Though I was just in for 24 hours as a standard precaution, Rena brought the children to see me in hospital.  My son consoled me that it was just as well we hadn’t sold a single Olympic cake, since the whole event would have constituted a massive breach of copyright.  Apparently, the Olympic committee were not prepared to countenance their logo appearing on the merest and most northerly scrap of even the most patriotic icing, so we could all have ended up in the dock – ‘every cloud’ and all that. Steve also popped in, though only long enough to tell me he was going back to Darlene.  The police had been to see them and there were going to be social workers and counsellors to help get Donna-Marie back on the straight and narrow.  Funnily, when Steve mentioned his other half’s name, a certain penny dropped.  All those wine-soaked nights when I thought he was whispering ‘darling’ to me in that quaint island accent, he had actually been slurring his wife’s name into my bosom.

My eyebrows have grown back now, there’s a new car in the drive and surprisingly little awkwardness when Steve delivers the mail. We’ve agreed our relationship was part of a desperate phase when we were neither of us in our right minds.   I have replaced the flag that proved such an effective touch paper and still intend to fly the new one now and again, though perhaps with more realistic expectations about how many others might be expected to rally round it.  One of a few early signs that there may even be turncoats in my own ranks was when my son went to a Scotland rugby game whilst on a trip south with friends. Unsurprisingly, they lost.

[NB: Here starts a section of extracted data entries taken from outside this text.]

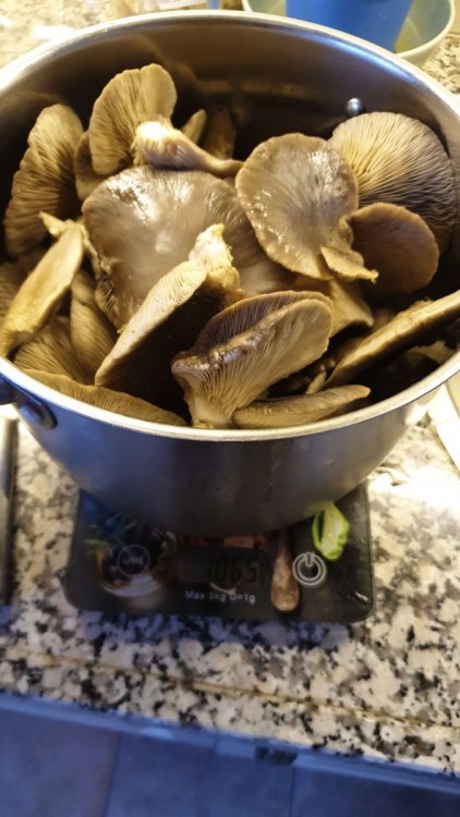 Net toevallig de laatste stammetjes neergezet, die zijn geënt met shi take. De rest met oesterzwammen, daar heb ik al een oogst van gehad van ruim twee kilo en had nog niet alles geplukt toen. Die stammen waren deze zomer geent.
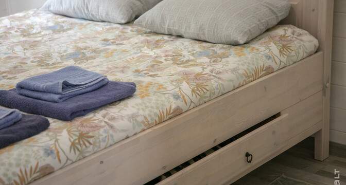 Основной дом на 90 квадратов включает в себя просторную жилую зону и террасу на 15 квадратов. «При проектировании этого дома мы сразу учли все до мелочей. Он задумывался не только как место для жизни, но и для теплых встреч с друзьями. Хотелось, чтобы каждый гость чувствовал себя уютно и комфортно, чтобы у всех было свое пространство. Так, в этом доме две полноценные спальни. В одной из них — двуспальная кровать, в другой — две односпальные, которые при желании можно сдвинуть. Здесь также есть большая кухня и гостиная — общее пространство для общения, отдыха и чаепития с пряниками».
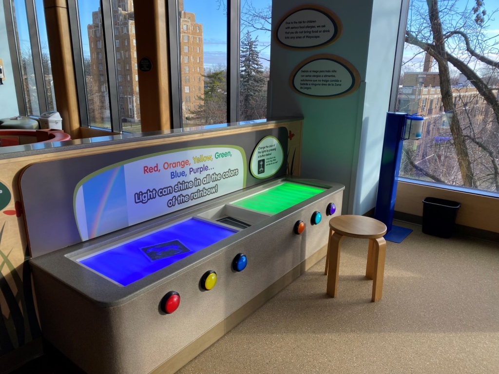 Playscape於2013年整建,是館內唯一有落地窗的空間,也是Elyse深度參與的產出之一。在這個空間裡,孩子不僅能欣賞窗外四季的變化,也有大量的感官體驗(例如:觸摸沙子、感受水流、體驗樂器、聽取各種環靜音);空間裡總是有4至5位的館員,視孩子與陪伴者的狀況提供各種好玩的點子;另外提供定時的手作與音樂等創造課程,提供孩子與陪伴者各種表達與互動的機會。
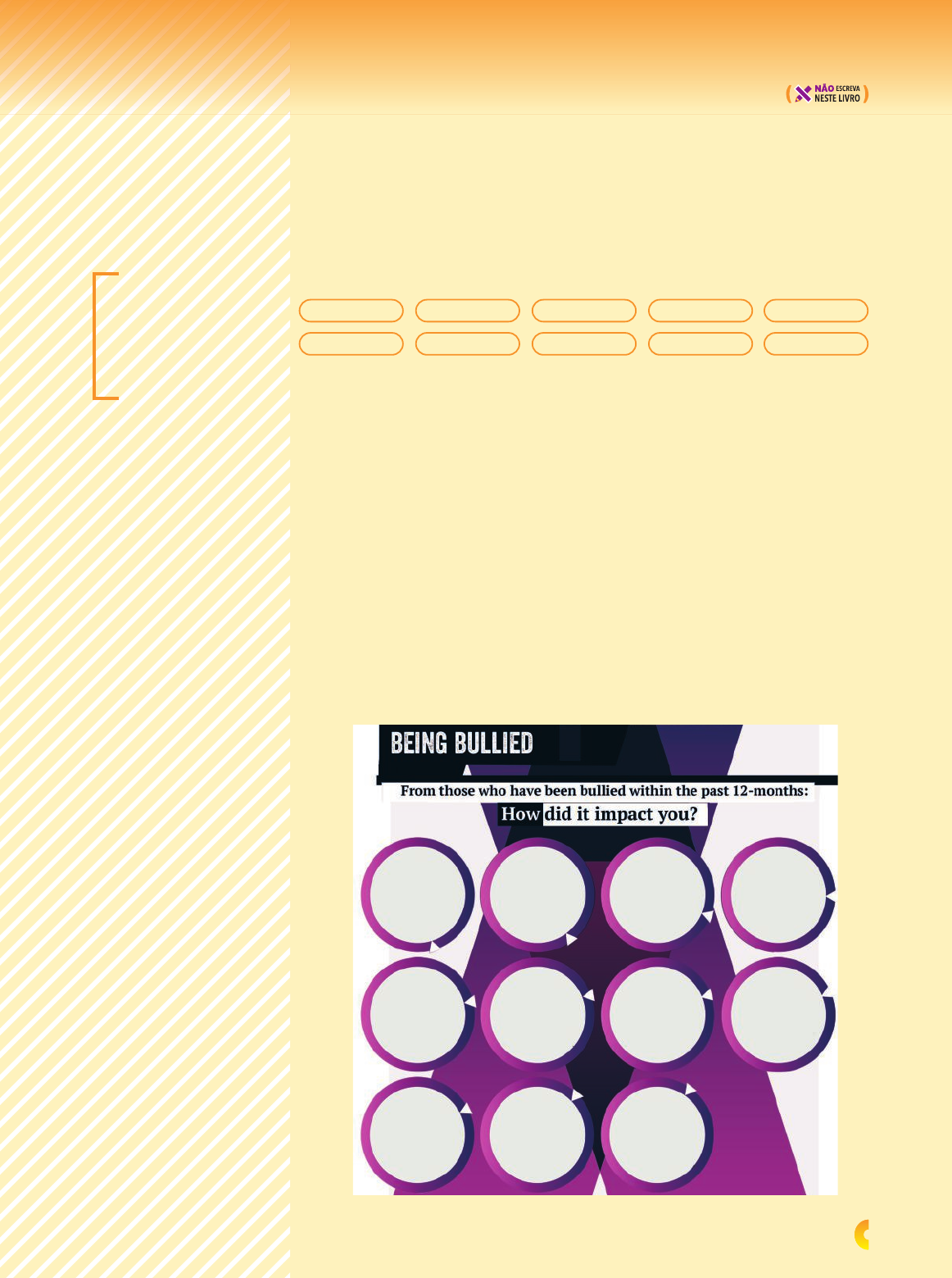 In Action 1 An Anti-Bullying Campaign 1. What do you know about bullying? Take notes in your notebook and discuss that problem with your classmates and teacher. You can use the following questions to guide you: • How do you defi ne bullying? • When can you say someone is being bullied? • What can you do if someone you know is being bullied or is bullying someone else? • Does the person who bullies need help? • Does bullying always involve physical contact? • Is it possible to bully using the internet as an instrument? 2. The infographic below was extracted from the Annual Bullying Survey 2019, conducted by Ditch the Label, an anti-bullying charity in England. Read the information in the text and, in your notebook, write all the correct alternatives according to it. Respostas pessoais Competências gerais da BNCC: 1, 2, 4, 5, 9 e 10 Competências específi cas de Linguagens e suas Tecnologias para o Ensino Médio: 1, 2, 3, 4 e 7 EM13LGG104 EM13LGG105 EM13LGG204 EM13LGG301 EM13LGG304 EM13LGG402 EM13LGG403 EM13LGG701 EM13LGG703 EM13LGG704 nismo dos estudantes, a busca por informações, a criatividade, a empatia e a cooperação. Os estudantes são incentivados a refl etir sobre uma questão relevante em nossa sociedade – nesse caso, o combate ao problema do bullying – e a agir, de forma responsável, para a sua solução. Esta Unidade pode ser planejada e realizada em parceria com os professores de Língua Portuguesa e Educação Física, conforme detalhado no Manual do Professor. 1. As questões propostas têm o intuito de introduzir o tópico e le- vantar o conhecimento prévio e as experiências dos estudantes. Elas podem ser alteradas, elimi- nadas ou substituídas conforme a necessidade ou o desejo da turma. Se achar adequado, a discussão pode ser feita em por- tuguês, para que os estudantes possam discutir suas ideias com maior profundidade. Na página https://www.stopbullying.gov/ bullying/what-is-bullying (acesso em: 8 jul. 2020), você encontra informações que podem ser úteis para essa discussão. Esta Unidade especial propõe aos estu- dantes que trabalhem de forma colabo- rativa para a criação de um produto fi nal que tem por objetivo o bem da socieda- de. As atividades estimulam o protago- THE ANNUAL Bullying Survey 2019. Ditch the Label. Available at: https://www.ditchthelabel.org/wp-content/ uploads/2020/05/The-Annual-Bullying- Survey-2019-1-2.pdf. Accessed on: Jul. 8, 2020. R e p ro d u ç ã o /w w w .d it ch th e la b e l. o rg 2. Explique aos estudantes que ditch the label é uma ex- pressão (literalmente, largue/ abandone/jogue fora o rótulo) adotada como nome de uma organização internacional, com sede na Inglaterra, voltada ao apoio a jovens que sofreram bullying ou qualquer outro tipo de preconceito. Ditch, como verbo regular, é o mesmo que dump, também usado com o sentido de “livrar-se de, largar, abandonar algo ou alguém de forma abrupta”. IMPACT FELT DEPRESSED FELT ANXIOUS HAD SUICIDAL THOUGHTS SELF-HARMED TRUANTED FROM SCHOOL/ COLLEGE DEVELOPED ANTI-SOCIAL BEHAVIOUR DEVELOPED AN EATING DISORDER ATTEMPTED SUICIDE RUN AWAY FROM HOME ABUSED DRUGS AND/OR ALCOHOL ENGAGED IN RISKY SEXUAL BEHAVIOUR 41% 13% 6% 33% 12% 4% 26% 11% 45% 20% 9% 99 VU_INGLES_Amadeu_g21Sa_099a102_IA1_LA.indd 99VU_INGLES_Amadeu_g21Sa_099a102_IA1_LA.indd 99 01/09/2020 11:4901/09/2020 11:49 a. Bullying victims are affected in many different ways. X b. Every bullying victim feels depressed. c. Some bullying victims had suicidal thoughts, some of them self-harmed and some actually attempted suicide. X d. Bullying victims are never at risk of losing their lives. 3. Listen to a Ditch the Label ambassador, Suzanne, who has gone through a bullying situation. Choose the correct options to complete the sentences. a. Suzanne feels a lot more now. • confident X • evident b. She received help from . • Ditch the Label X • no one c. Suzanne was able to reach out for . • help X • friends d. She says she is in a place now. • bad • good X 4. Read the following sentence from Suzanne’s speech and answer the questions in your notebook. “They really encouraged me to get the help that I didn’t really think I deserved.” a. How did Suzanne feel before getting in touch with the organization? b. What about you? Who do you look for when you need help? TRACK 8 She felt she didn’t deserve help. Resposta pessoal 3. O áudio desta atividade é retirado do vídeo “Welcome to Ditch the Label”, disponível em: https://www.youtube.com/ watch?v=5Bu-m4dAXRY. Aces- so em: 8 jul. 2020. R e p ro d u ç ã o /w w w .y o u tu b e .c o m /C a n a l D it ch th e L a b e l 100 VU_INGLES_Amadeu_g21Sa_099a102_IA1_LA.indd 100VU_INGLES_Amadeu_g21Sa_099a102_IA1_LA.indd 100 01/09/2020 11:4901/09/2020 11:49
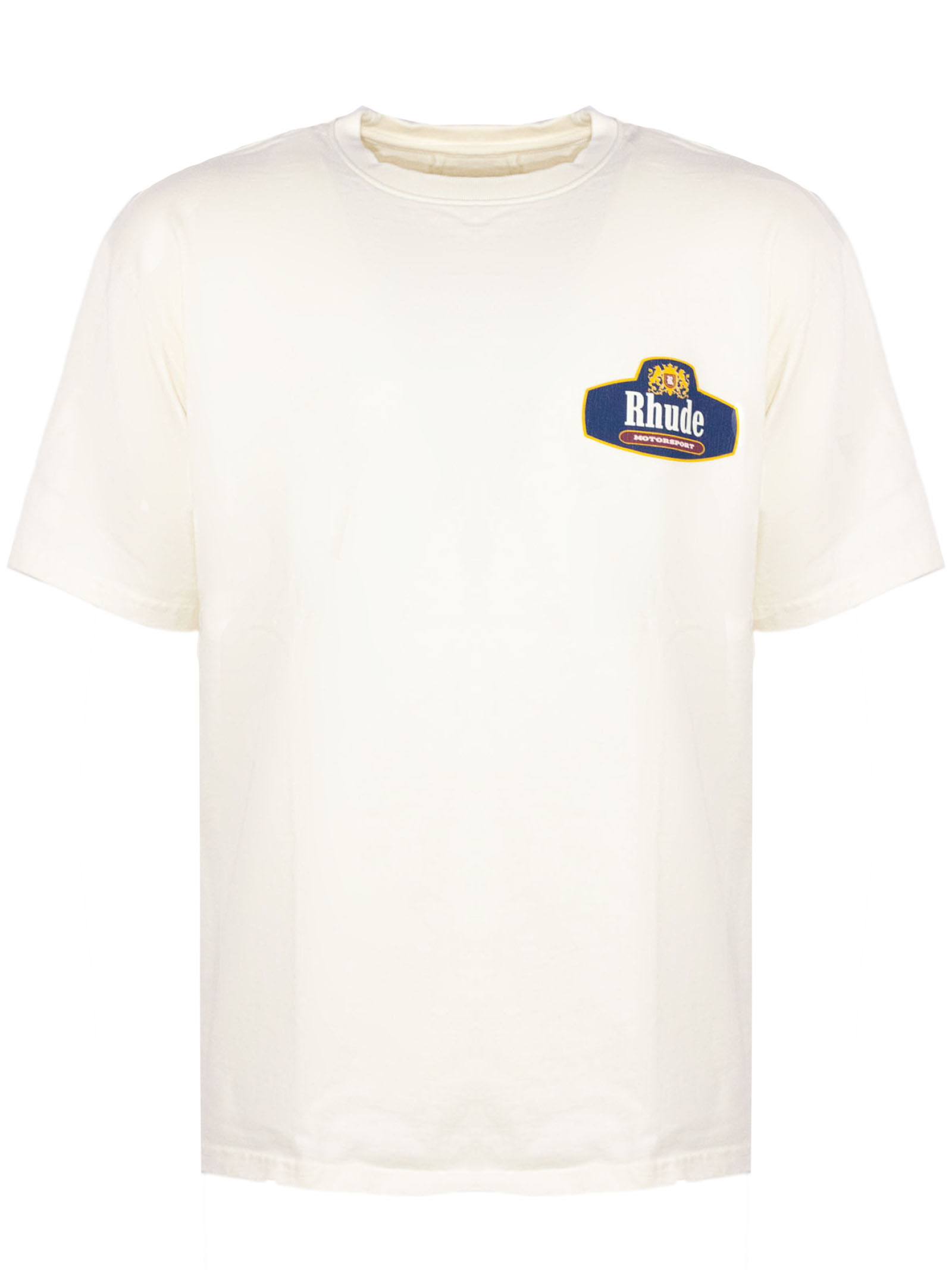 White cotton T-shirt with front print, short sleeves, and a crew neck
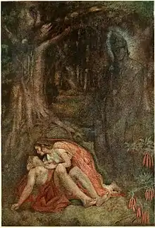 - The kings daughter and the hermits son are therefore married, and the bride strive to forget the ominous prophesy; but as the last day approaches her anxiety becomes irrepressible. She exhausts herself in prayers and penances, hoping to stay the hand of the destroyer; yet all the while dares not reveal the fatal secret to her husband. As the last dreaded day arrives, and Satyavan sets out to cut in the forest. His wife asks leave to accompany him, but with a heavy heart. Satyavan soon makes the wood resound with his hatchet, when suddenly through his temples shoots a thrill of agony, and feeling himself falling he calls out to his wife to support him.
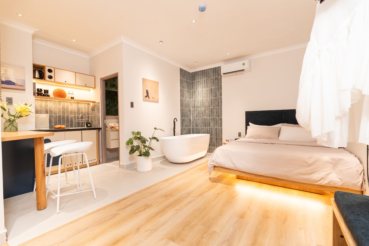 Scopri un gioiello nascosto nella nostra oasi, immersa nell'abbraccio della natura. Puoi davvero rilassarti e goderti momenti speciali mentre ti rinfreschi sotto il cielo aperto con la nostra doccia esterna o ti immergi in una lussuosa vasca da bagno. Ogni angolo è progettato con amore, rendendolo un rifugio ideale per le coppie che cercano un'esperienza indimenticabile e intima. A 15 minuti da Ben Thanh, un sacco di bancarelle di cibo di strada sparse nelle vicinanze, pur avendo un proiettore con Netflix Premium, Youtube. Rifugiati dal mondo con noi ♥
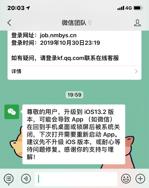 11月1日消息,针对iOS 13.2系统中频繁爆发的后台查杀问题,微信团队今日发布公告:尊敬的用户,升级到iOS 13.2版本可能会导致应用(如微信)返回移动桌面或锁定屏幕。然后就被系统关闭了,下次打开需要重新启动应用程序。建议暂时不要升级iOS版本,或者耐心等待问题修复。感谢您的支持和理解!

“Get used to it,” I warned him.

“It’s not always about winning, is it Mum?” he said.

“For Scotland, it hardly ever is,” I replied.   “And don’t tell me lunchbox art isn’t competitive.”

But my smile was not a mocking one, because I could sense that if anyone was going to have an identity crisis in our house it was most likely to be me, which was fine. As long as everyone else ends up sane, my karmic Olympic flame will be burning bright.